OLYMPIA, Wash. — The state Supreme Court on Friday said a plan adopted by the Washington Redistricting Commission “substantially complied” with statutory deadlines, and declined to adopt a new redistricting plan for the state.

"This is not a situation in which the Supreme Court must step in because the Commission has failed to agree on a plan it believes complies with state and federal requirements," the justices wrote. “The court concludes that the primary purpose of achieving a timely redistricting plan would be impeded, not advanced, by rejecting the Commission’s completed work.”

The five-page order was signed by all nine justices and it returns the issue to the commission for any final steps necessary before sending new political maps to the Legislature.

The Redistricting Commission consisted of four voting members — two Democrats and two Republicans — appointed by legislative caucus leaders. The Democratic appointees were former legislator Brady Piñero Walkinshaw and state labor-council leader April Sims; Republican commissioners were former state legislators Joe Fain and Paul Graves.

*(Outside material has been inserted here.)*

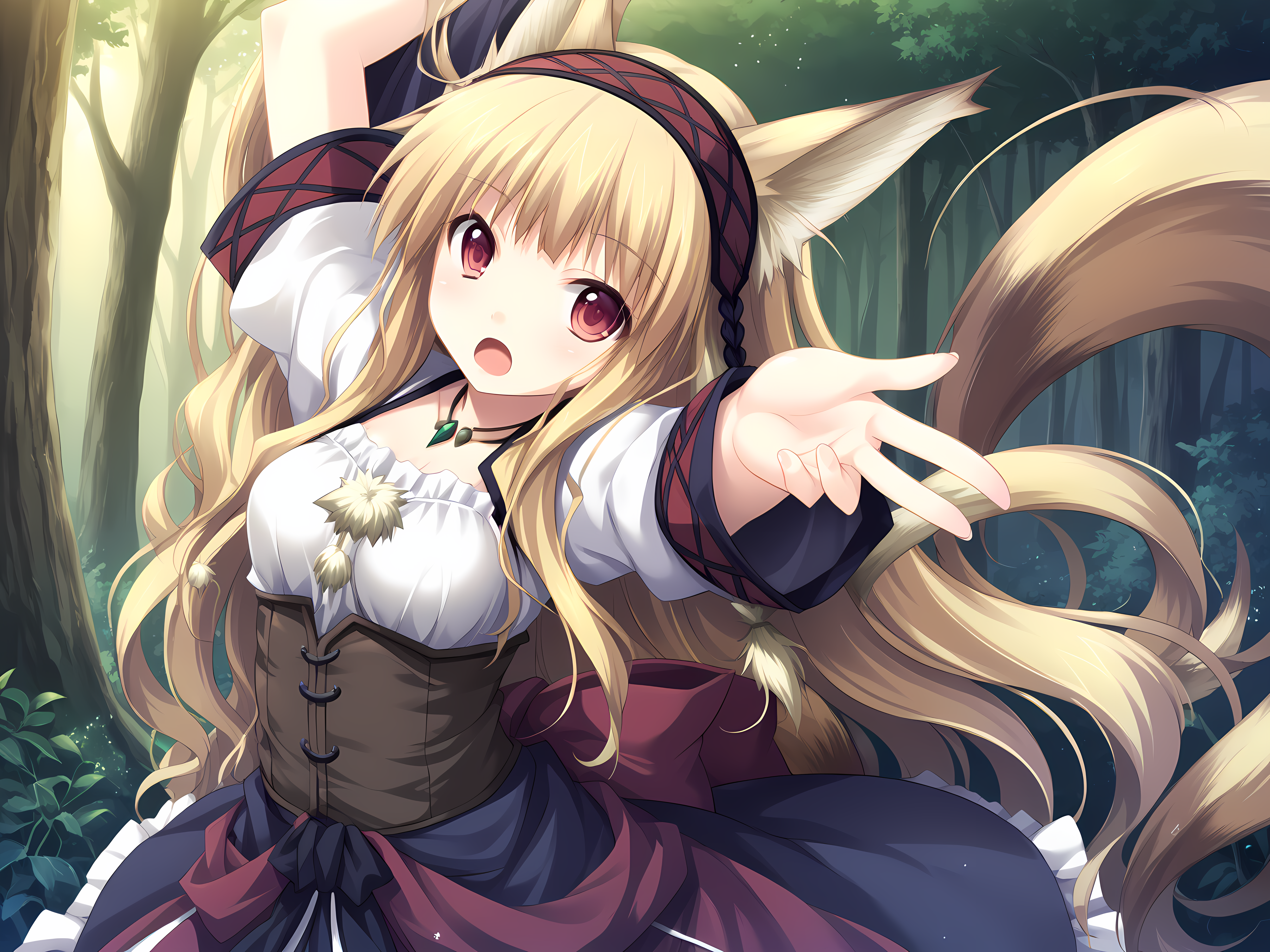 네네카, eushully, 1girl, 긴 머리, 매우 긴 머리, 동물 귀, 금발 머리, 꼬리, 붉은 눈, 드레스, 머리띠
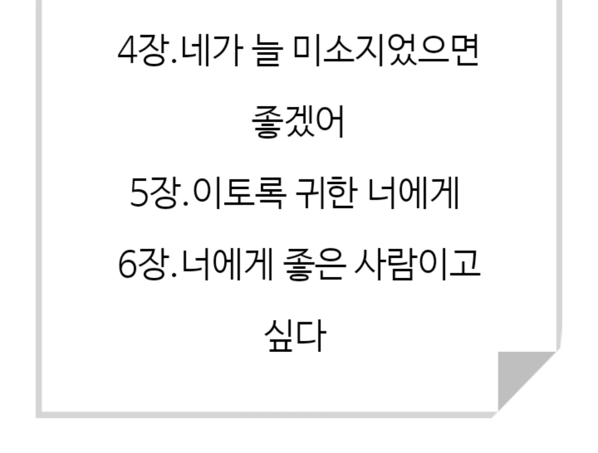 우리의 행복 † 부지런한 마음 † 우리만의 어여쁨 † 사랑의 모양 † 당신이었다 † 닮아 가는 우리 † 함께 만들어 가는 사랑, 함께 만들어 가는 우리 † 홀씨를 부는 입술 † 약속 † 잘 지내나요, 당신 † 언어 너머의 마음 † 예쁜 다툼 † 사랑을 지우는 노력 † 몰랐던 것들 † 가꾸어 가는 것 † 다툼을 함께 풀어 간다면 † 우리를 위한 길 † 좋은 사람을 만나면

By law, at least three of the four had to agree on new political maps by Nov. 15.

Commissioners defended their chaotic final hours of work at a news conference last month, saying it was hampered by a late 2020 Census, limitations caused by the coronavirus pandemic and technological issues such as crashing computers.

But all four commissioners agreed the tardy maps that were ultimately produced had their full support and should be considered by the Supreme Court justices.

The order states that the court has not evaluated and does not render any opinion on the plan’s compliance with any statutory and constitutional requirements other than the November 15th deadline.

“By voting to approve congressional and legislative redistricting plans before the end of the day on November 15, 2021, the Commission complied with its obligation under article II, subsection 43(6) of the Washington Constitution to “complete redistricting” by that date, and it substantially complied with the essential purpose of RCW 44.05.100 to approve and transmit a plan to the legislature by that date,” the justices wrote.